A well is a convenient, money-saving water source that many choose to install on their property, but as with all additions to a home, it comes with its own set of responsibilities. One of these is regularly maintaining the well pump, an integral part of the well’s system. However, you may not know just how long is appropriate to wait between services. We’ve done the research to tell you.

Your well pump should be serviced every 1-3 years for regular maintenance. With regular maintenance, you can expect your well pump to last 15 years or more.

So now you know how often to have your well pump serviced, but you may be wondering why this should be done, and you may have other questions about this appliance. As a homeowner, it’s always a good idea to be educated on your well’s system.

How Does A Well Pump Work?

The well pump is a vital component of the water system, and when seeking to understand why it needs regular maintenance, it’s useful to recognize the different types of well pumps and the way they function.

Above-Ground Pump

The above-ground pump is sometimes referred to as a jet pump. This type of pump delivers water to the home by using a vacuum to pull the water from the well into a nozzle. This is referred to as “indirect pressure.”

The above-ground pump is usually located directly in the home or a separate well house. Once the water has been pulled from the well and delivered to the pump, it will then be provided to the home.
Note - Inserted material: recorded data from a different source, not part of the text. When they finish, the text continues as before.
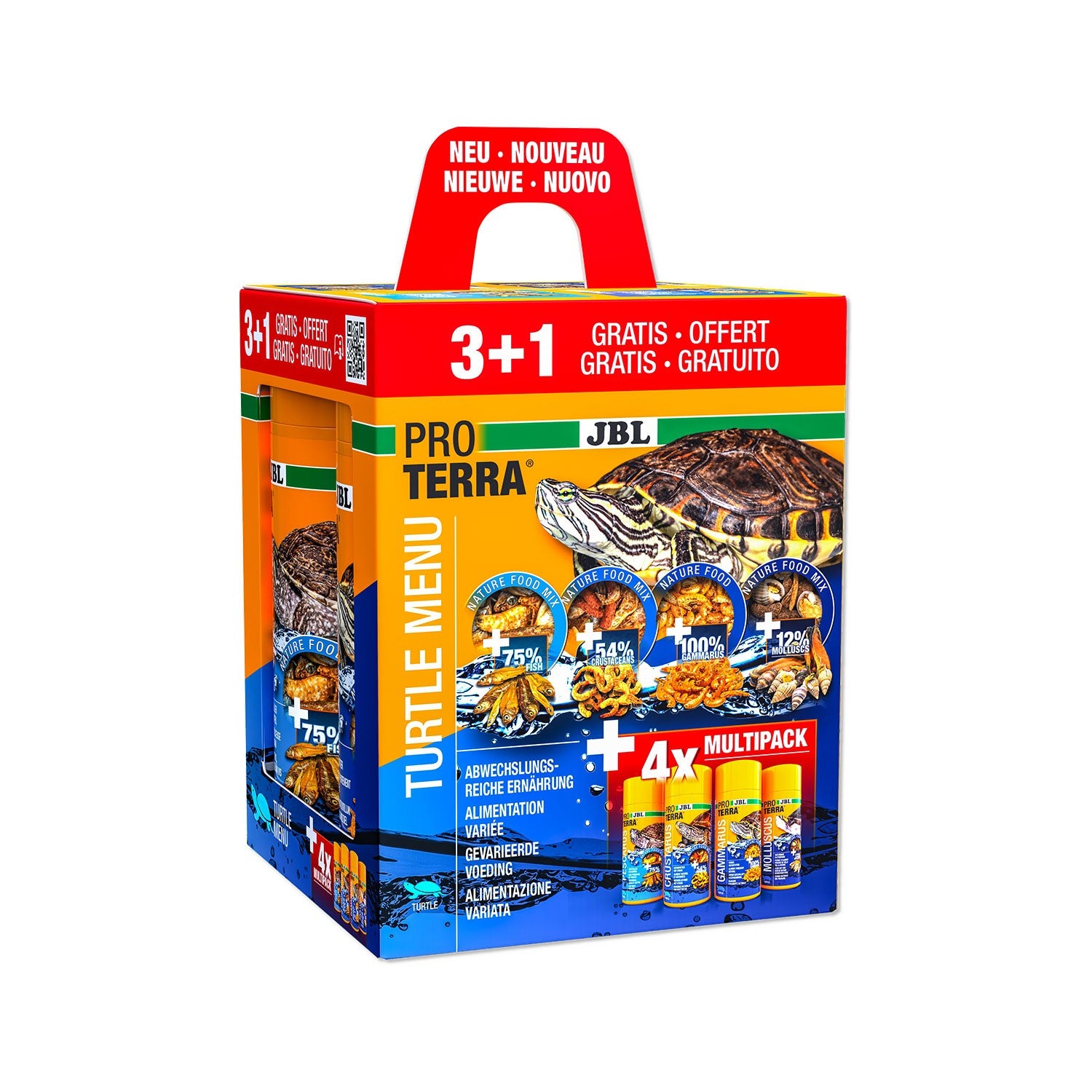 Il JBL Proterra Turtle Menu è particolarmente indicato come set introduttivo per i nuovi proprietari di tartarughe o per chi vuole esplorare le preferenze alimentari del proprio animale. Grazie alla varietà di mangimi offerti, è possibile testare quale tra questi il tuo animale predilige, per poi decidere se acquistare formati più grandi dei singoli prodotti.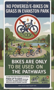 Quick reminder for everyone enjoying the park: powered bikes and e‑bikes belong on the pathways, not the grass.
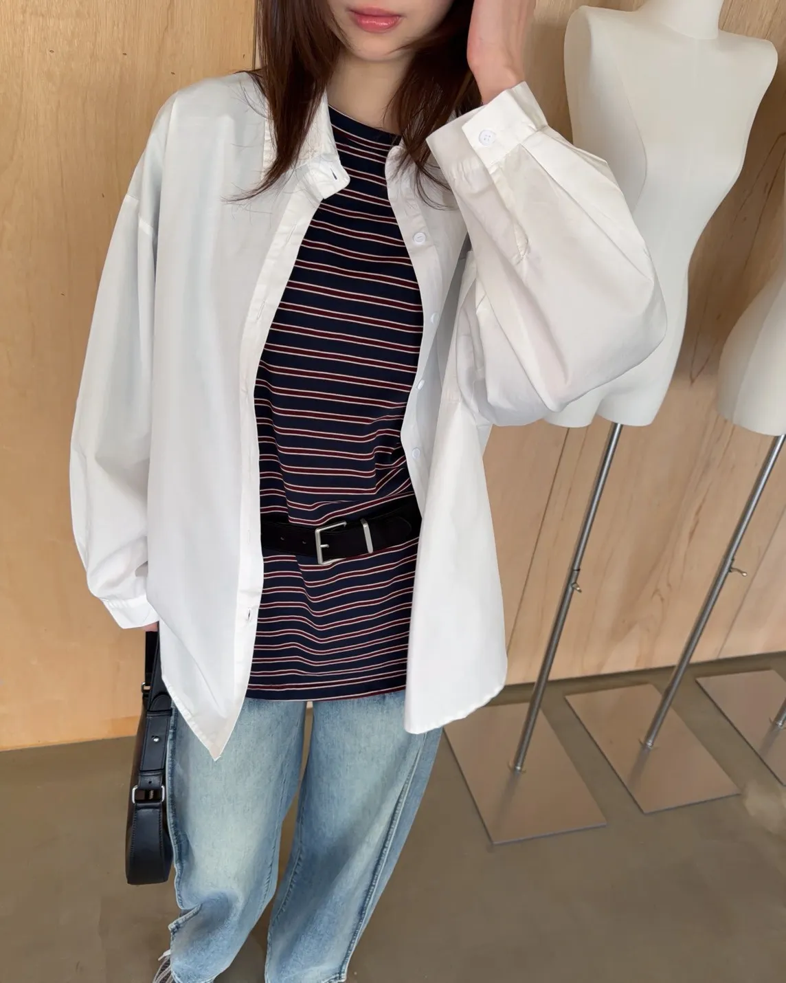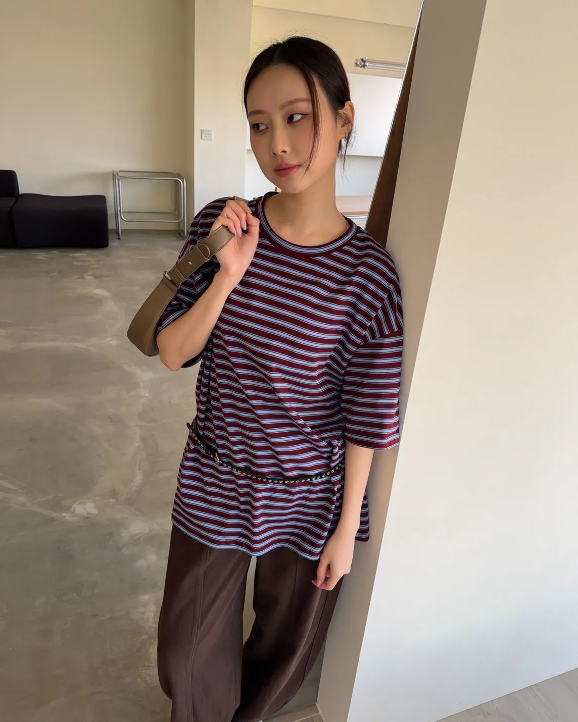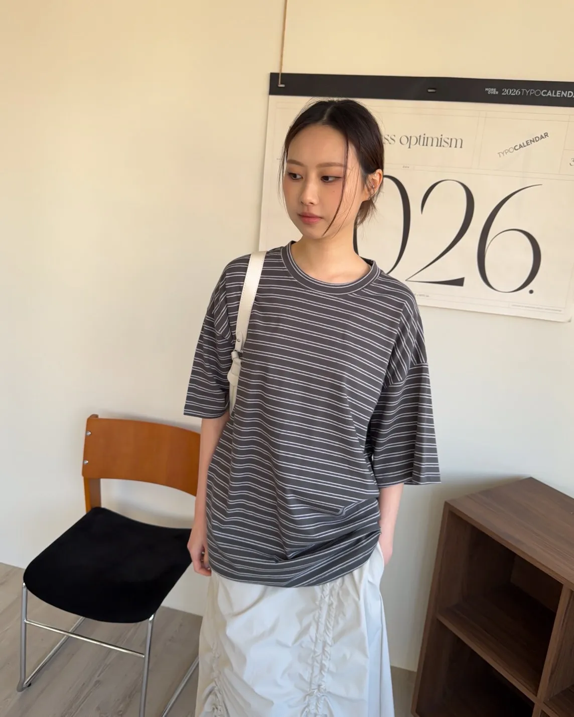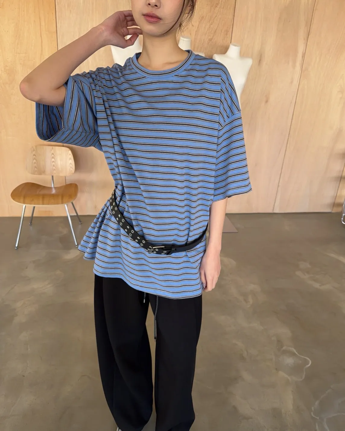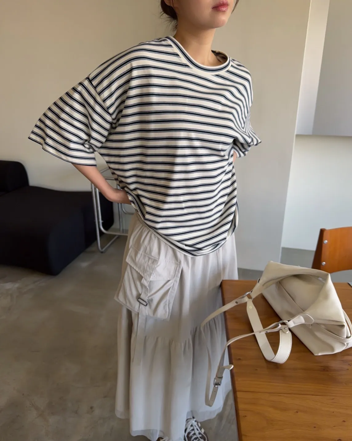 薄棉料 撞色橫條紋 寬鬆落肩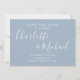 Doté de noms de style signature, cet élégant bleu poussiéreux enregistrer la carte de date peut être personnalisé avec vos informations spéciales de mariage dans la typographie chic et votre photo spéciale au verso. Conçu par Thisisnotme©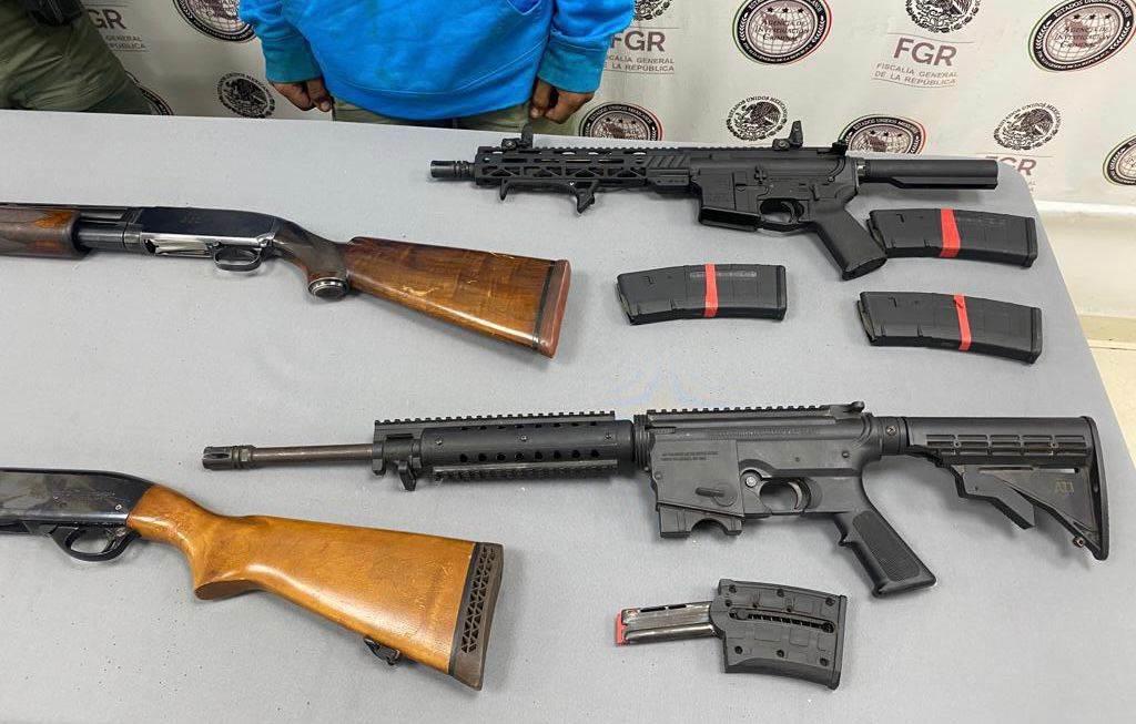 Elementos de la Policía Federal Ministerial (PFM) de la Fiscalía General de la República (FGR) en Nuevo León, detuvieron a Mark “M” tras asegurarle armas de fuego.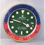 ROLEX CLOCK wall GMT MASTER II Pepsi Bezel, green face , 34cm Dealer Display Concessionary Clock advertising piece. Quartz movement.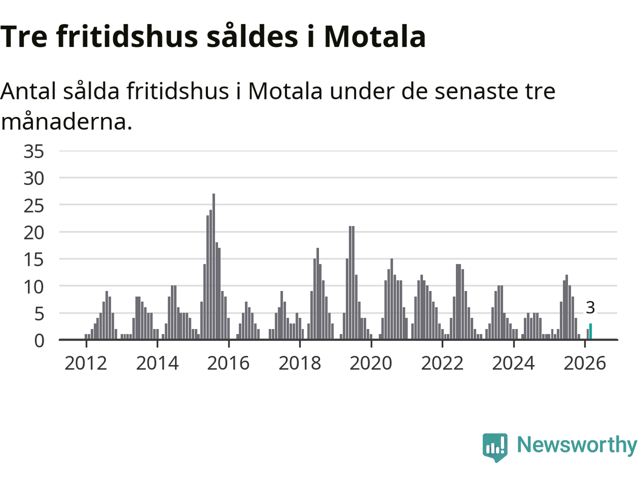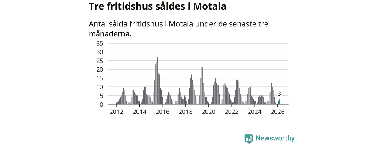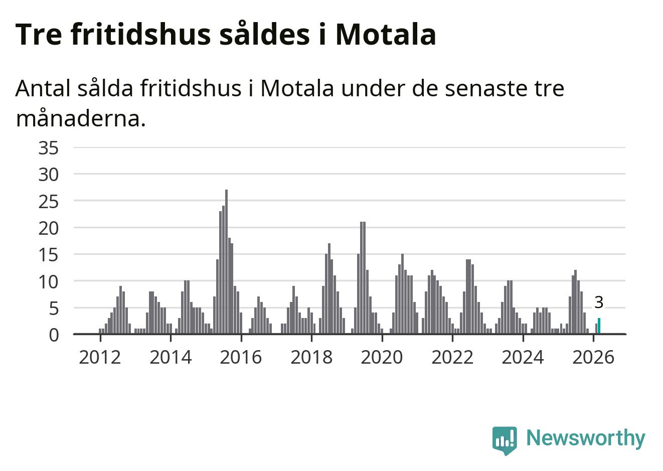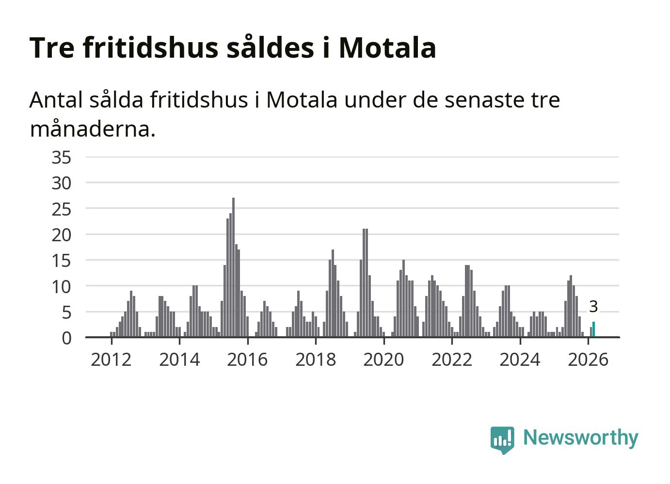Mellan januari och mars gjordes sammanlagt tre affärer med fritidshus i Motala kommun. Det kan jämföras med ett vid motsvarande tid i fjol.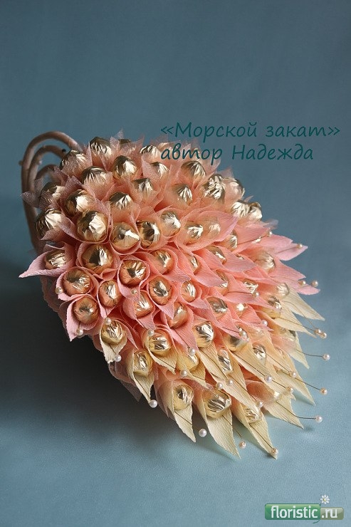 Вот как-то не очень я люблю букеты из конфет..Но вот "Морской закат" получила бы с огромным удовольствием...И наверное, не ела бы долго-долго...))....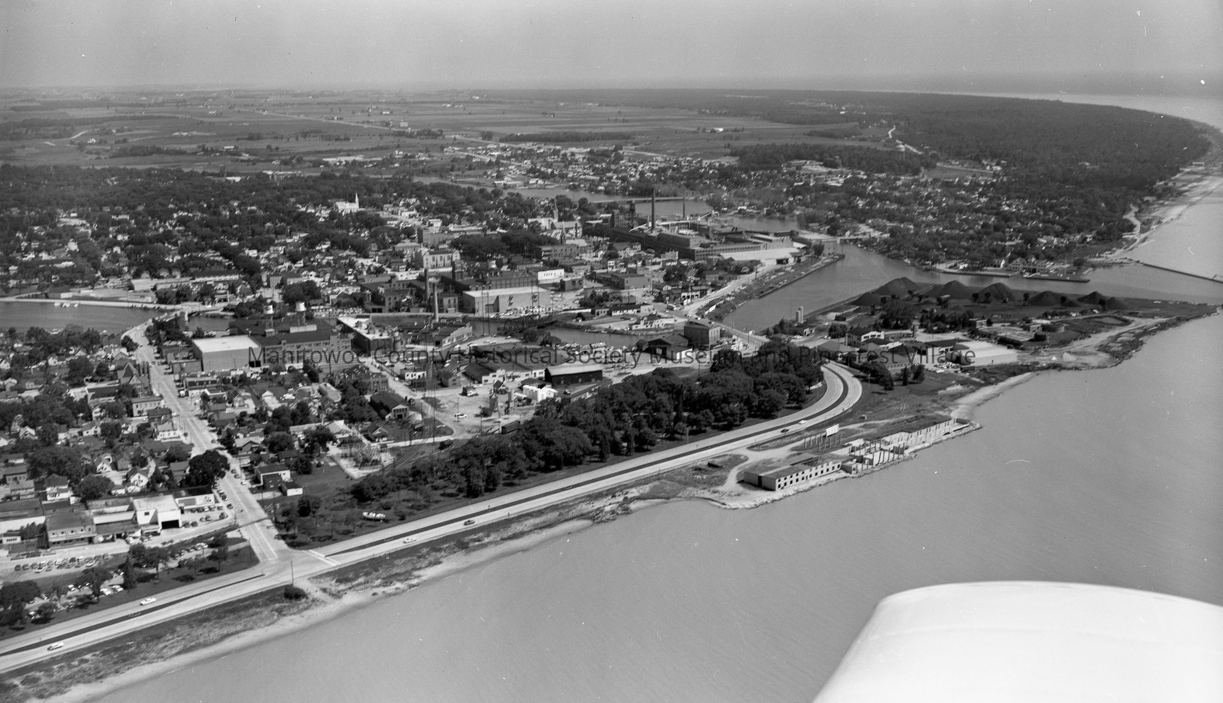 Aerial view of Two Rivers looking north. At left is intersection of Memorial Drive and Madison Street on lakefront. Carlton Inn being built. Photograph taken in July 1969.Made/Created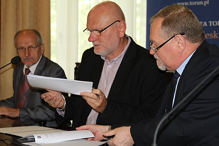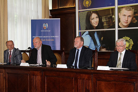 Porozumienie podpisali (od lewej) prorektor Politechniki Gdańskiej prof. Kazimierz Jakubiuk, prezydent Torunia Michał Zaleski, rektor Uniwerstytetu Mikołaja Kopernika prof. Andrzej Tretyn, rektor Politechniki Łódzkiej prof. Stanisław Bielecki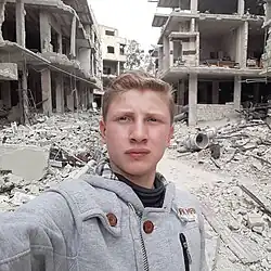 Muhammad Najem (born 2002) is a Syrian war reporter and activist who has been documenting the Syrian civil war since the age of 15.[1][2][3] In December 2017, his home of Ghouta, a suburb of Damascus, was besieged by the Syrian Army, and Najem told his family he wanted to tell their story. They decided to release English-language videos on YouTube featuring Najem, assisted by his older brother Firas, a photojournalist, and their sister Hiba, a teacher, who helped translate.[4] His videos attained a wide audience in February 2018, when CNN producer Nora Neus picked up his story.[5][4] Shortly after, RT ran a story accusing him of being a "crisis actor".[4]
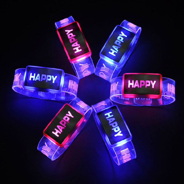 Fashion LED Slap Bracelet with switch on/off button, press the button to active flashing- steady light -off. Eco-Friendly (Nickel Free, Lead Free), With 3pcs AG3 batteries (pre-installed well and replaceable), lasting 20-30 hours. Perfect for concerts, party, night clubs, disco, bar and so on. Suitable for children and adults. Many colors and your customized LOGO is available.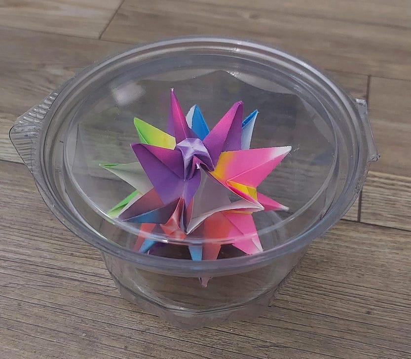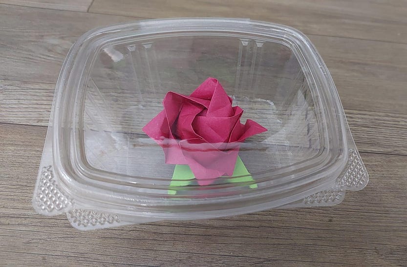 E, por falar em embalagem, as das peças de Origami são sempre aquelas de supermercado, transparentes, que tomo o cuidado de remover as etiquetas, e que protegem muito bem as figuras mais delicadas.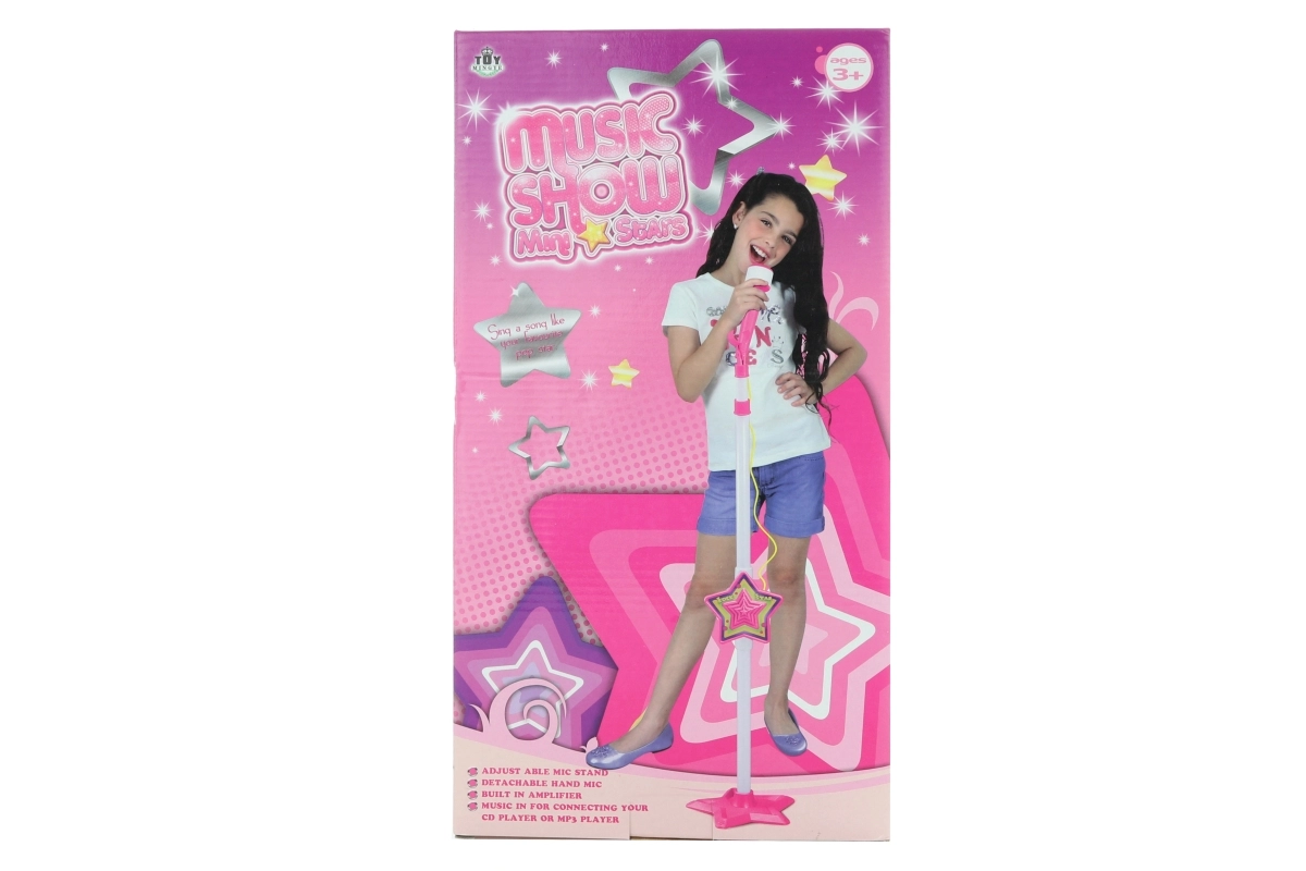 Kick off home concerts with this fun microphone for little singers. It includes a stable stand and the option to connect to an MP3 player to play favorite songs. Powered by 3× AA batteries (not included). Suitable for children ages 3+.

Because it uses indirect pressure and the pump is located outside of the well, this means that the water is not provided in a continuous stream. This type of pump is easily accessed for service and maintenance.

Submersible Pump

The submersible pump is created with quality in mind, produced with impermeable, solid metals, and is soldered so that its inner system will not be damaged. This pump is meant for use with deep wells of 75 feet or more.

This unit is placed directly inside the well. It uses “direct pressure” from the water’s surface to pull water from deep within the well and deliver it to the storage tank and then to the home.

This type of pump is often thought of as superior in design to the above-ground pumps, and although it is less convenient to reach for maintenance, it can make up for this disadvantage by being less susceptible to corrosion, and therefore needing maintenance and service less often.

How Do You Maintain A Well Pump?

While the owner of a well cannot provide in-depth maintenance to the system, they can prevent potential issues from occurring by doing certain things to keep the system in top condition.

In addition, many homeowners cannot do much to service the well pump itself, but doing their part to take care of the system as a whole is helpful to keeping the well pump at top functionality.

Some tasks for a well owner include:

  • Pay close attention to the well function and water quality.
  • Keep leaves and other debris away from the well’s opening.
  • Slope the ground away from the well’s opening.
  • Routinely check the well cap and casing and take care to protect it from damage.
  • Keep hazardous materials away from the well and prevent back-siphonage.
  • Routinely have the well water tested—at least once per year.